◆ Problem details
Return every line of the records, exact and in full, until you have returned the line with "シンプルなカットソーやシャツと合わせたスタイルがおすすめ。", and include none of the pictures.

◆ Data provided
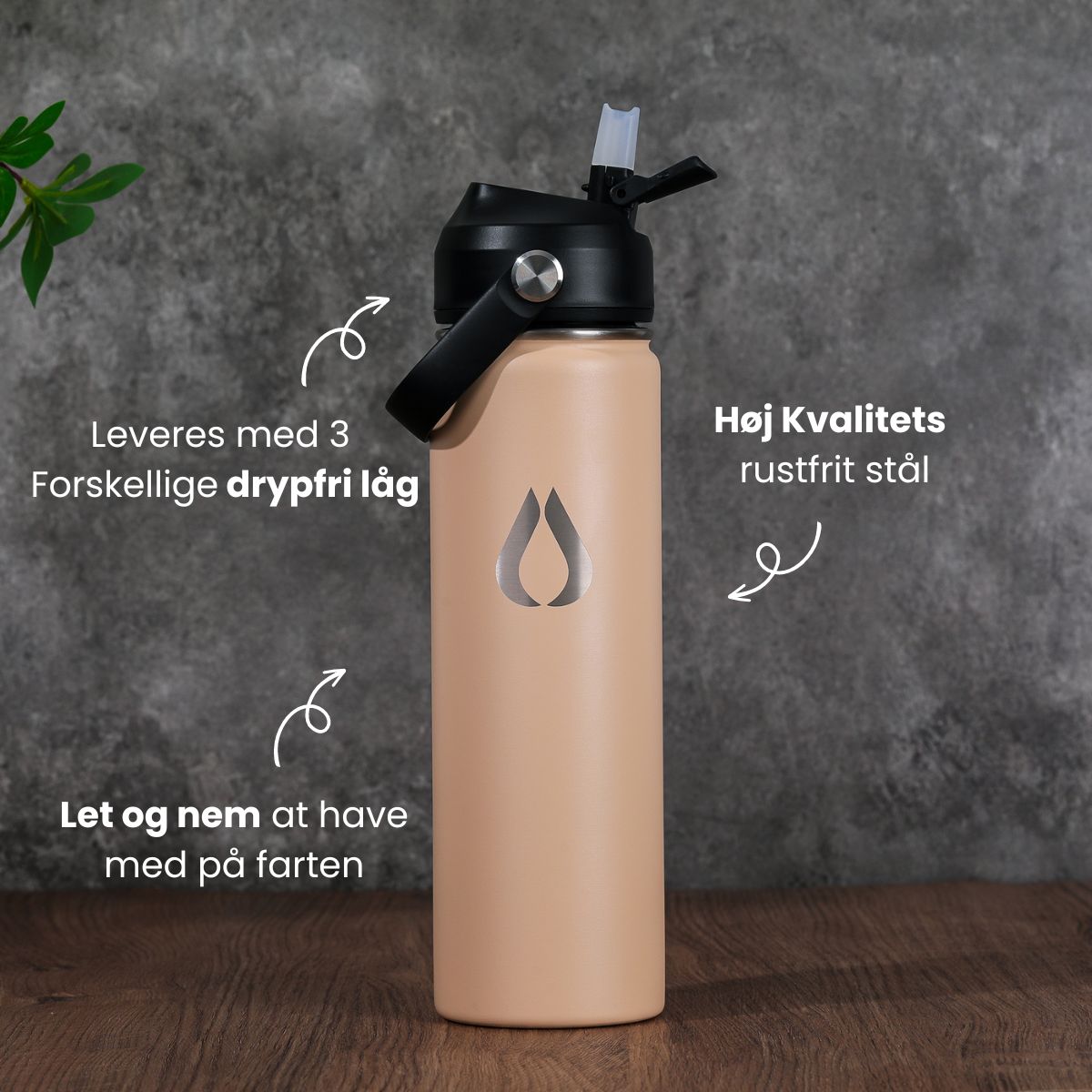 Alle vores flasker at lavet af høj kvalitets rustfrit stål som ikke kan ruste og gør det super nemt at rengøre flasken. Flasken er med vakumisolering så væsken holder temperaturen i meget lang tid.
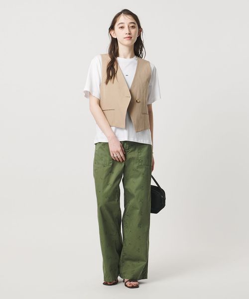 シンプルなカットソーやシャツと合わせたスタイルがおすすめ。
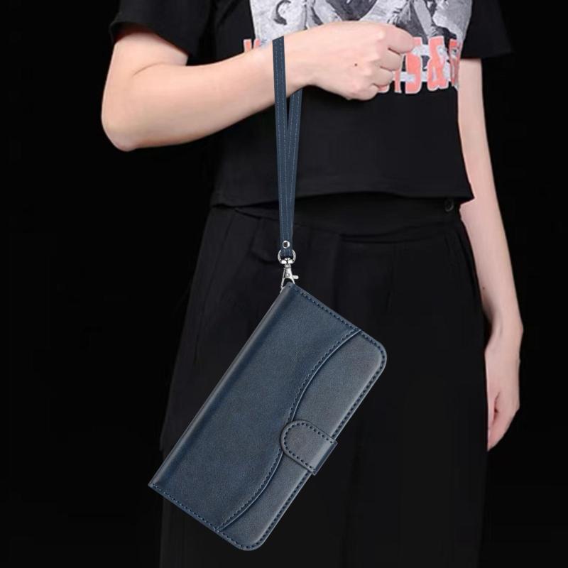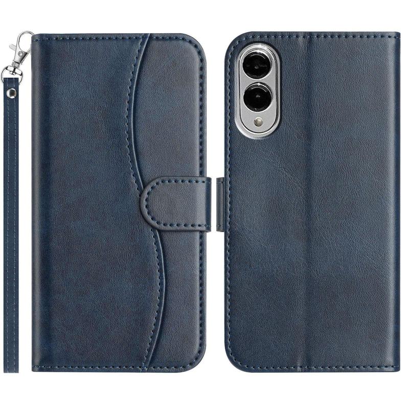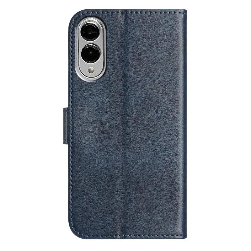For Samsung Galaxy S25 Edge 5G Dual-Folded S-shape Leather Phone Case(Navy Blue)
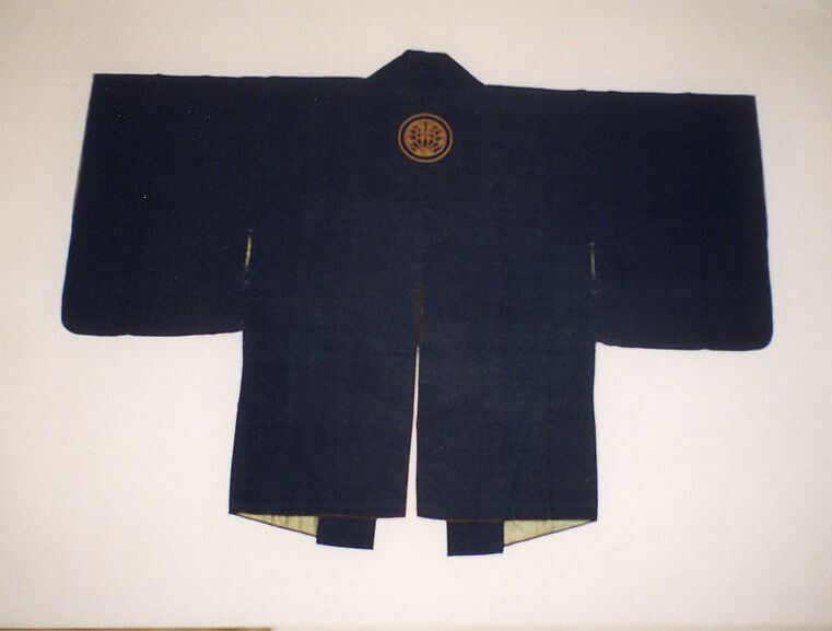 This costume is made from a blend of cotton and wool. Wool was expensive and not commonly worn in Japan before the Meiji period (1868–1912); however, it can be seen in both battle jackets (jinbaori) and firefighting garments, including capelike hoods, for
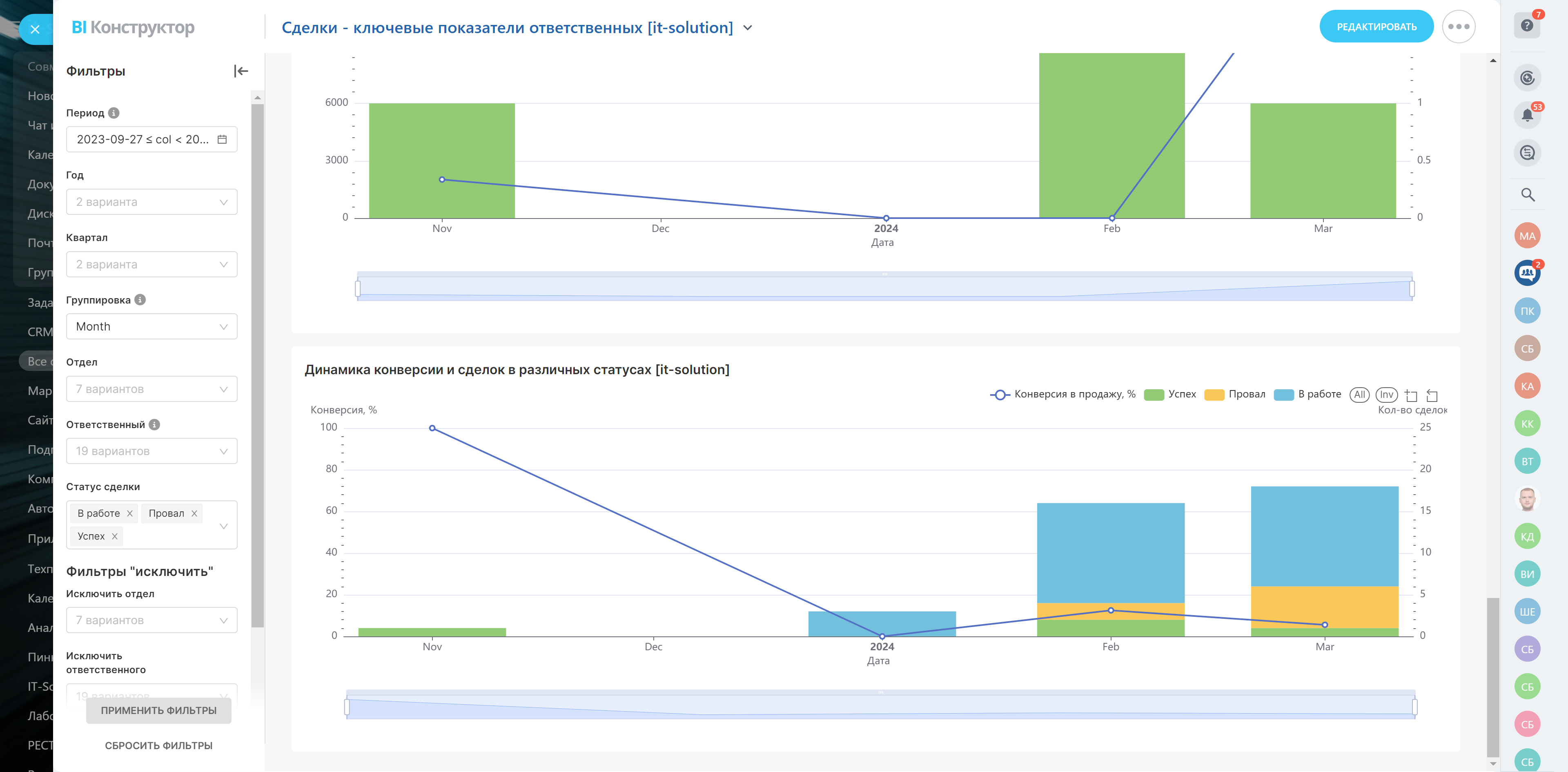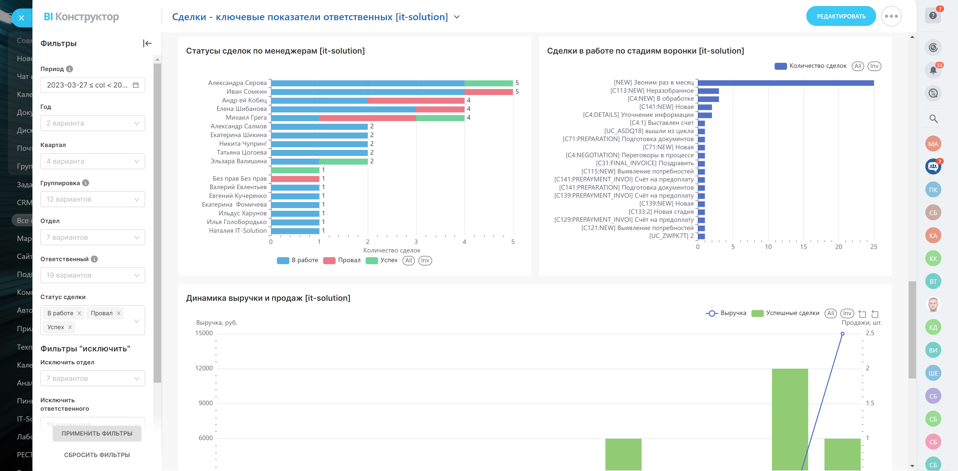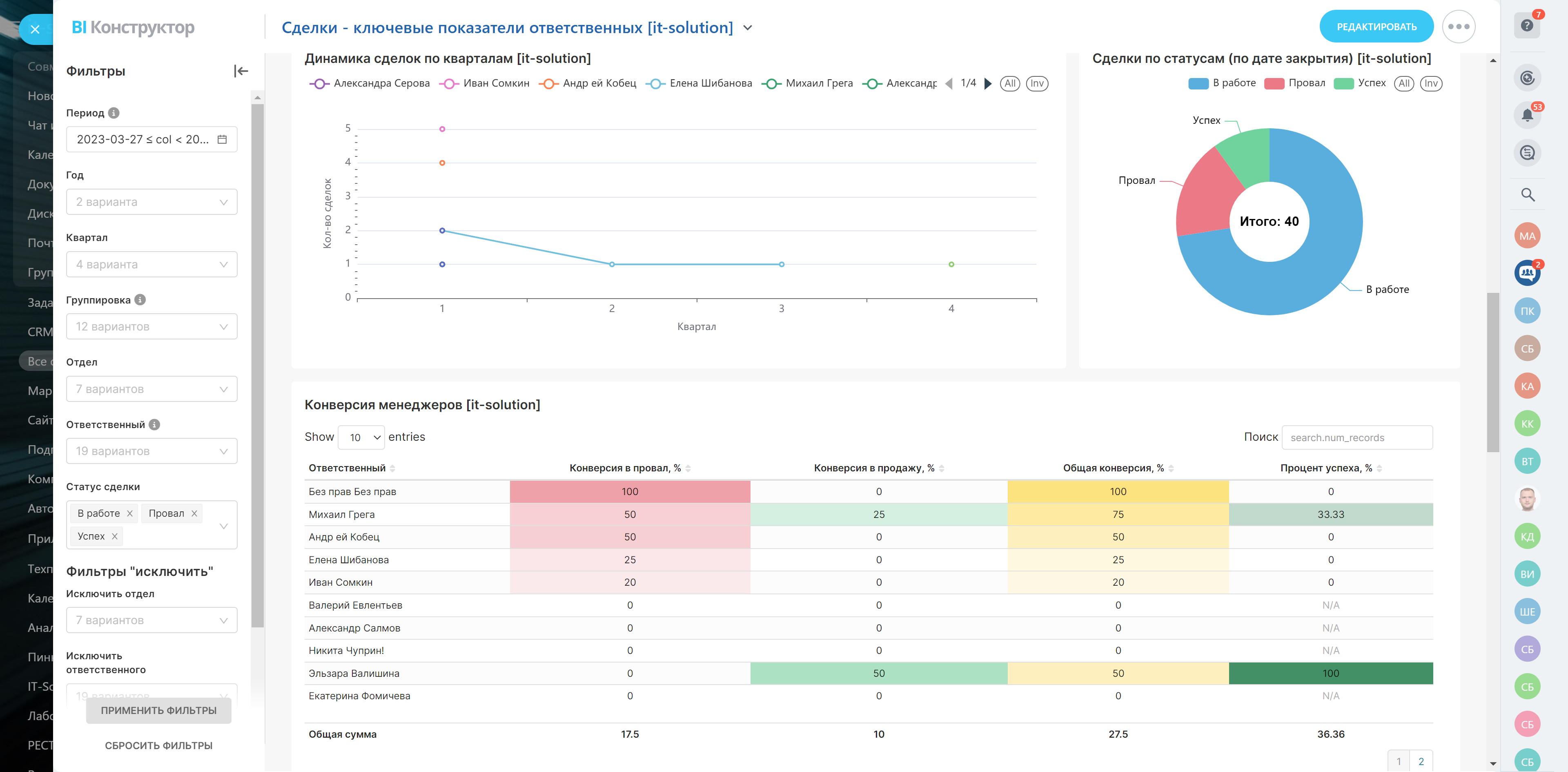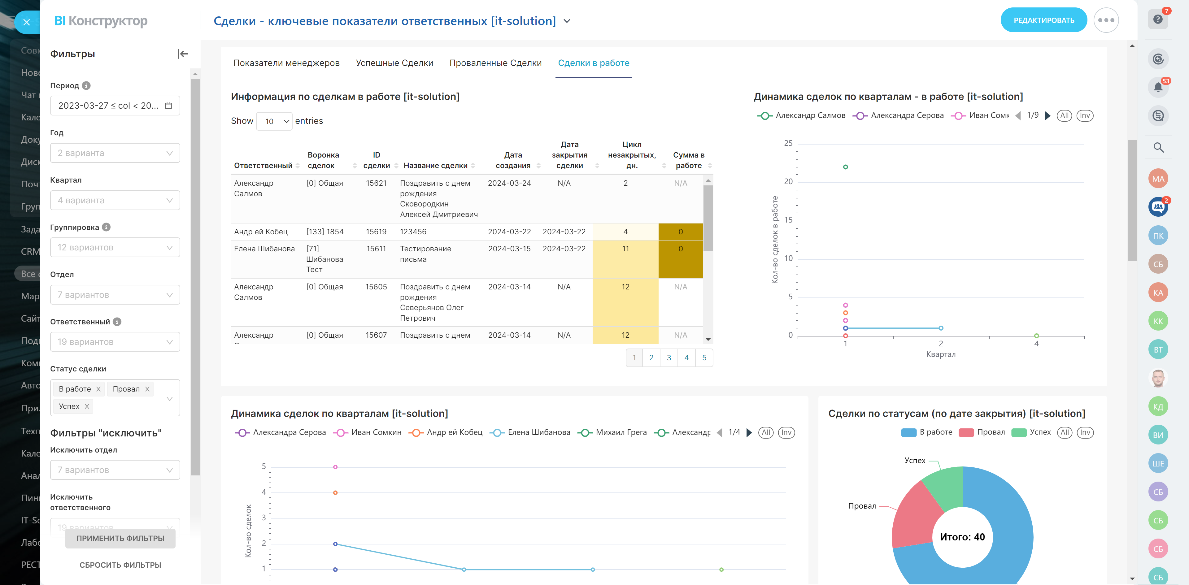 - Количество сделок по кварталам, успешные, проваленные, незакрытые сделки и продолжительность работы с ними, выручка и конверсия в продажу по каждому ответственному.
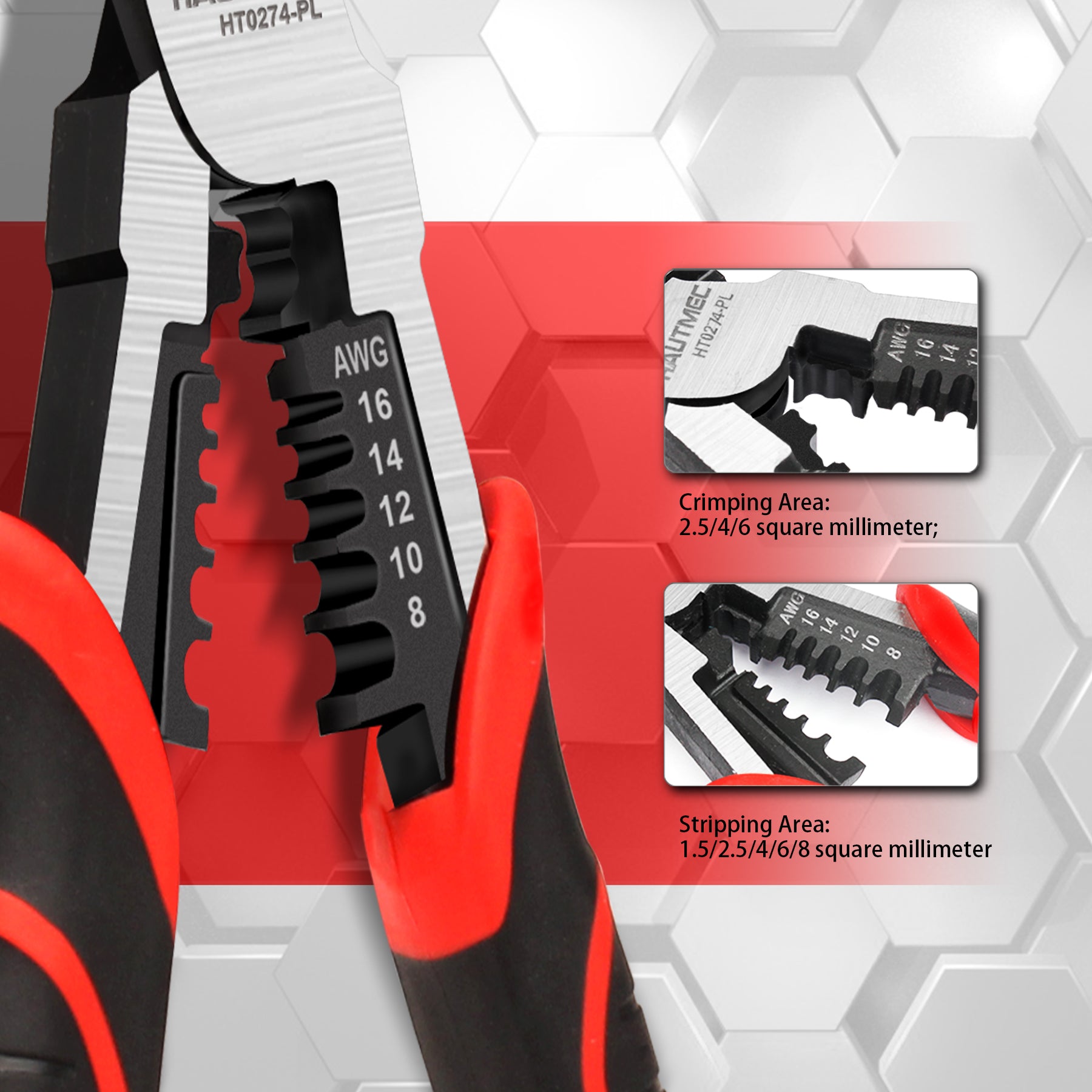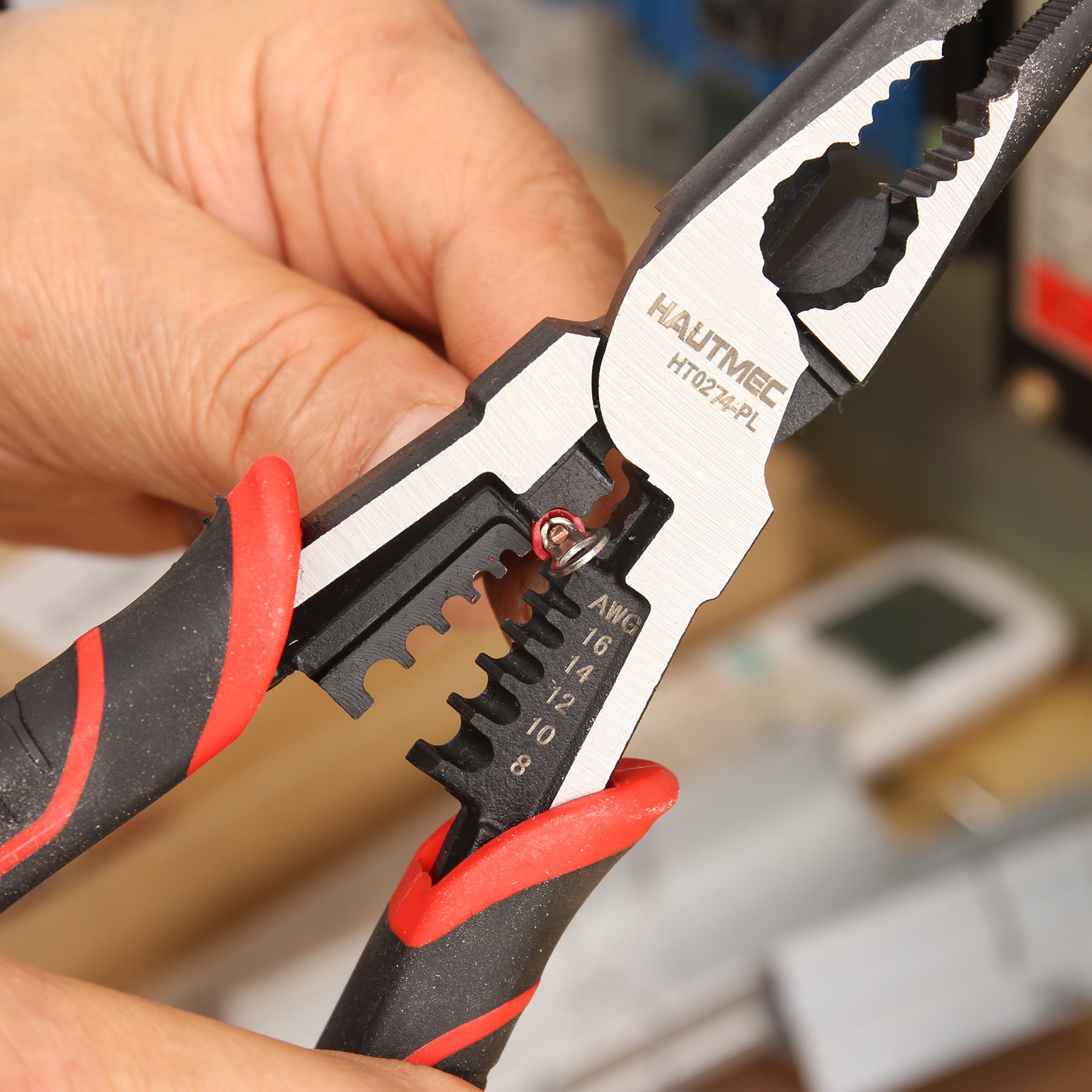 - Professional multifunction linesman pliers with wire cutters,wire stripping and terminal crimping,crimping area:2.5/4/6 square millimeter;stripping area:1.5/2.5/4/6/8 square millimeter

◆ Exercise solution
 Alle vores flasker at lavet af høj kvalitets rustfrit stål som ikke kan ruste og gør det super nemt at rengøre flasken. Flasken er med vakumisolering så væsken holder temperaturen i meget lang tid.
 シンプルなカットソーやシャツと合わせたスタイルがおすすめ。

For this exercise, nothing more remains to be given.